■ RECORDED DATA:
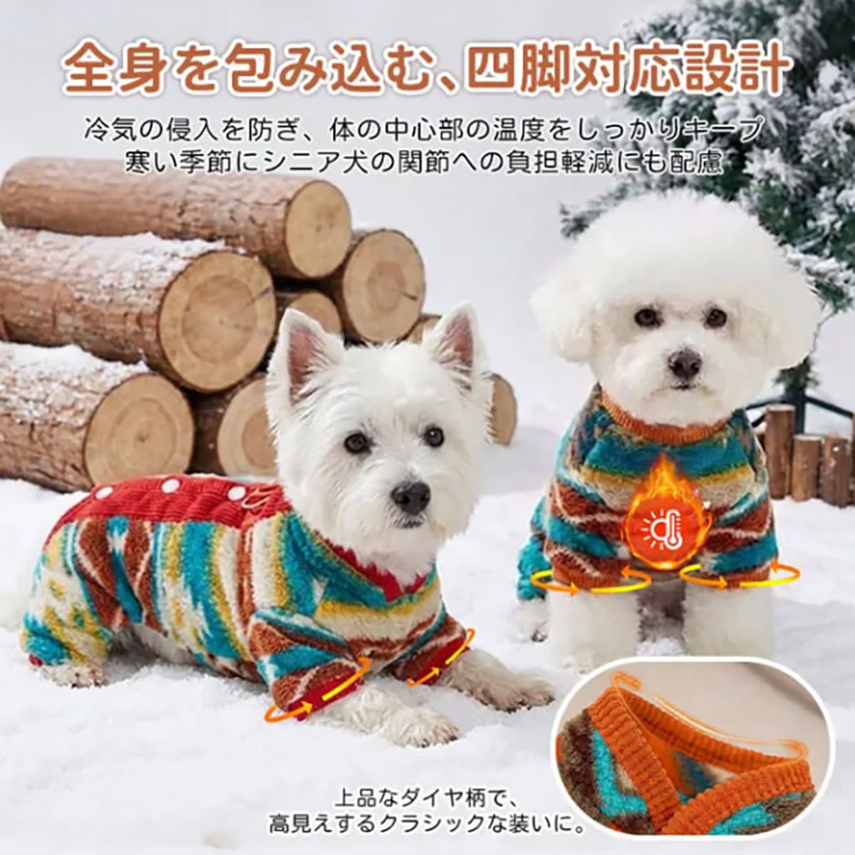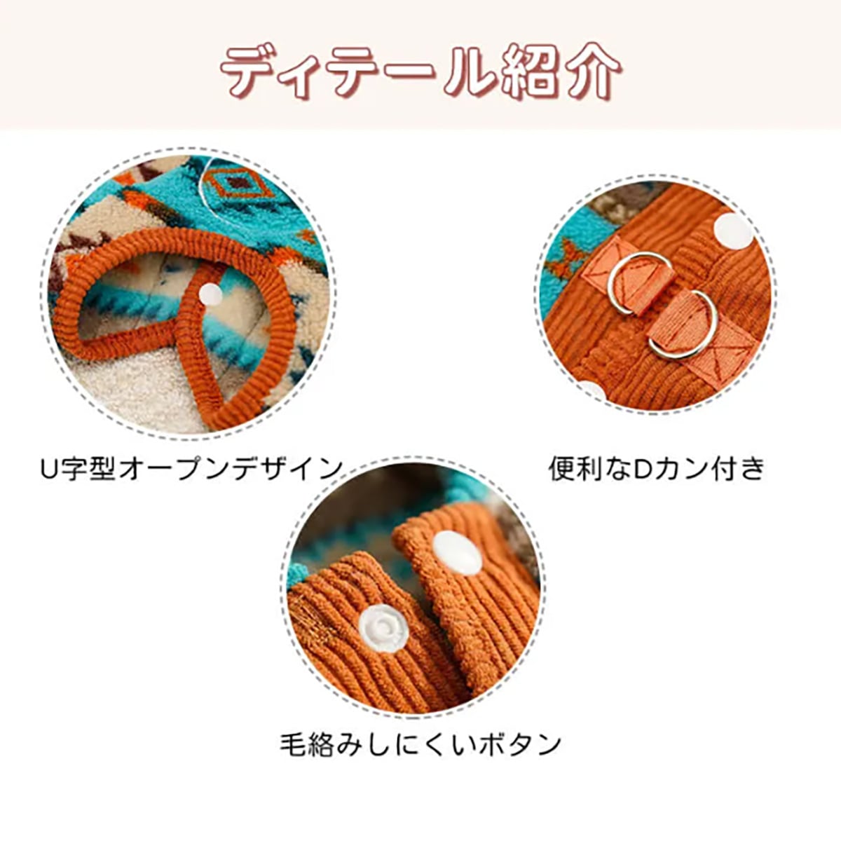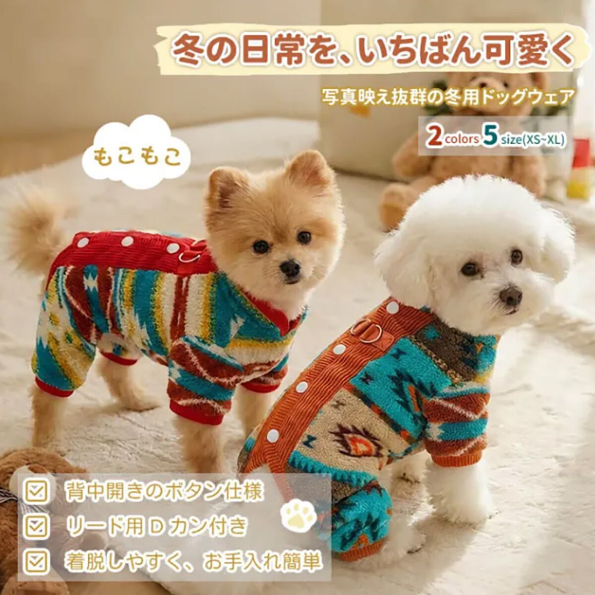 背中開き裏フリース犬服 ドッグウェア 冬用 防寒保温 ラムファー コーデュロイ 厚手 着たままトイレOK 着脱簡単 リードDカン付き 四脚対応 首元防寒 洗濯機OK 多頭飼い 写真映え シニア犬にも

* * *

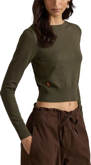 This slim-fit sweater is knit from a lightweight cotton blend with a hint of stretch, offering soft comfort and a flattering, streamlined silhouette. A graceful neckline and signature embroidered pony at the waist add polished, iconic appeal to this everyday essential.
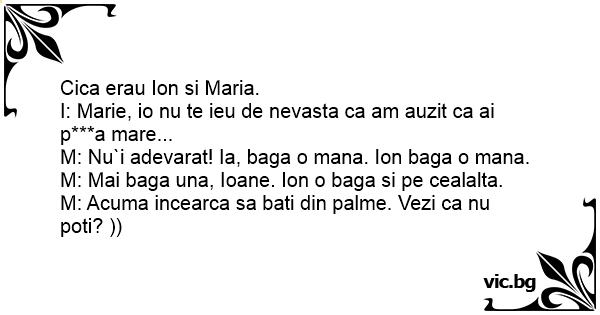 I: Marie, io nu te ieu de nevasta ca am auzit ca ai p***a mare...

■ PROBLEM: Within the listing above, find the line containing "This slim-fit sweater" and the line containing "I: Marie, io". Transcribe them and everything between them exactly, leaving out the pictures.

■ REPLY TO THE EXERCISE:
 This slim-fit sweater is knit from a lightweight cotton blend with a hint of stretch, offering soft comfort and a flattering, streamlined silhouette. A graceful neckline and signature embroidered pony at the waist add polished, iconic appeal to this everyday essential.
 I: Marie, io nu te ieu de nevasta ca am auzit ca ai p***a mare...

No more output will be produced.